Say the word “banker,” and many people will think of boastful, Wolf of Wall Street-type personalities who party all night and skate through their work with casual indifference.
The stereotype isn’t totally wrong, according to a new Harvard Business School study from business administration professor Pian Shu.
Shu’s report, published this month as a working paper, looked at a sample of 6,469 bachelor’s degree recipients from the Massachusetts Institute of Technology (MIT) between 2006 and 2012 to examine links between a graduate’s academic performance and his or her choice of career. Shu found that MIT graduates who went into finance not only had lower GPAs than their peers, they also took fewer courses and were generally less academically inclined.
“Academic achievement in college is negatively correlated with a propensity to take a job in finance,” Shu wrote. “Sizable differences in academic performance begin in freshman year and persist throughout college.”
Though only 6.4% of top-performing MIT students went into finance after graduation, those from the low end of the grade distribution were 16.5% more likely to do so. (The vast majority of MIT graduates choose careers in science, technology, or engineering.)

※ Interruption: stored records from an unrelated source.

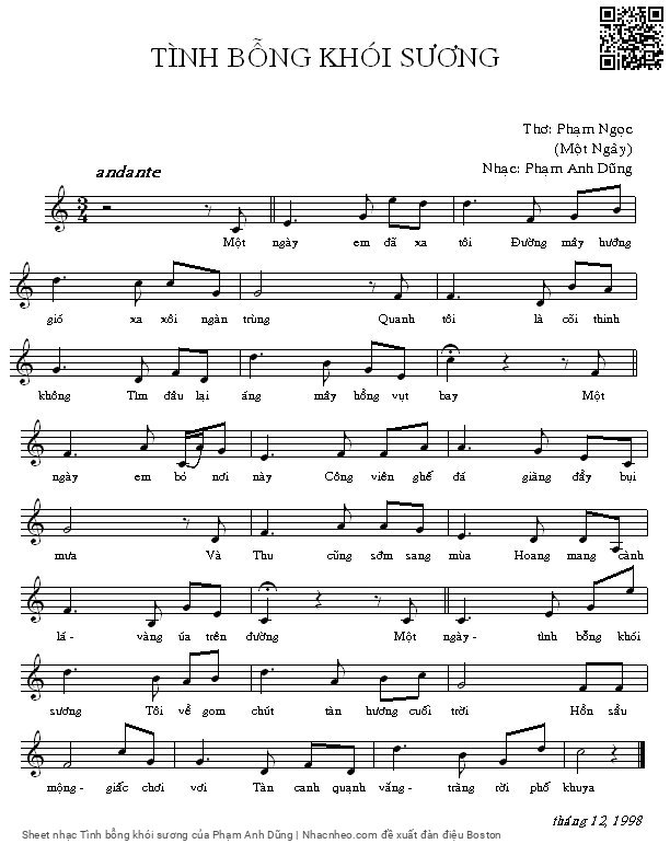 Phạm Anh Dũng Một ngày em đã xa tôi Đường mây hướng gió xa xôi ngàn trùng [PDF] [Sheet] [Lyrics] [Mp4/Midi]
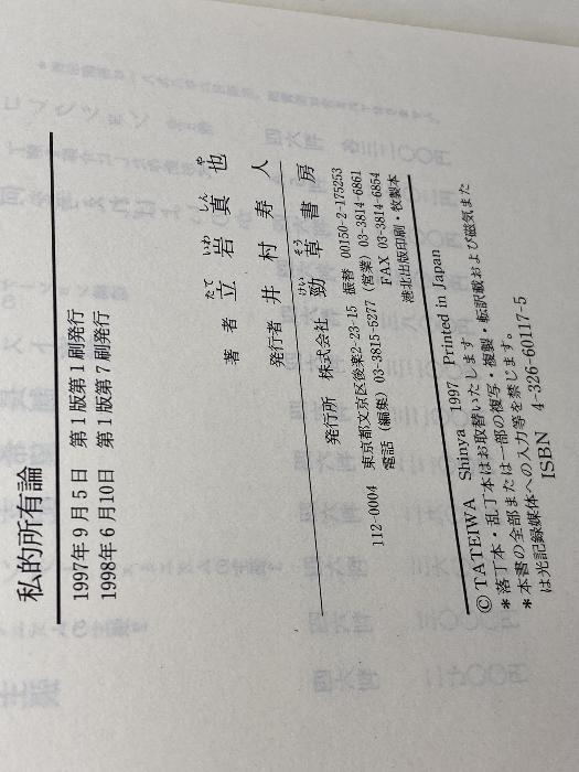 商品名:私的所有論 勁草書房 立岩真也
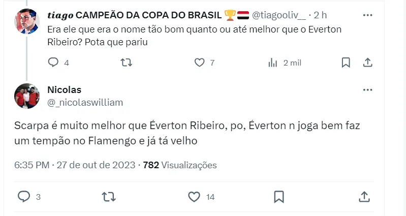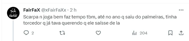Nas redes sociais, a torcida do São Paulo acredita que a eventual contratação de Scarpa seria uma opção melhor do que a de Everton Ribeiro, tanto devido à idade quanto ao desempenho que ambos apresentam atualmente.
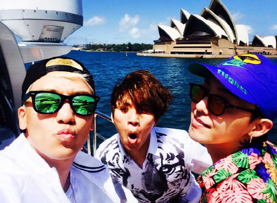 [스포츠조선 이유나 기자] 오스트레일리아 시드니 공연을 마친 빅뱅 지드래곤, 대성, 승리가 관광객 모드로 오페라 하우스를 배경의 인증샷을 촬영했다.

What’s more, graduates who go into finance seem to have similar backgrounds and interests—all the way back to high school. Finance-inclined people tend to prefer sports over performing arts, and they are much more likely to take on leadership positions within group activities.
The trends continue into college, where future financiers are—confirming the cliché—50% more likely to join a fraternity or sorority than others.
In Shu’s study, those who entered finance careers also self-reported weaker analytical skills, less in-depth knowledge of specific fields, and a shallower understanding of “the process of science and experimentation.”
Of course, the study is limited by its one-school sample and the relative lack of academic diversity at MIT, a campus that specializes in quantitative education. But Shu’s findings, as she told the Harvard Business Review, do suggest America’s worries about the “best and brightest” scientists and engineers in the country going into the finance sector and causing a “brain drain”—a topic that’s seen much heated debate over the past few years—may be largely unfounded.
“Finance does not attract the ‘best and brightest’ future scientists and engineers from MIT, but it hires those who will be most suited to working in finance,” Shu wrote, noting that the field may place more emphasis on social skills and less on analytical skills than science and engineering sectors do.
“Taken together, the results demonstrate that the preferences and skills of graduates who pursue finance are not comparable to those of graduates who choose a career in [science and engineering].” In other words, what a relief: it seems Wall Street isn’t gobbling up the country’s supply of talent, after all.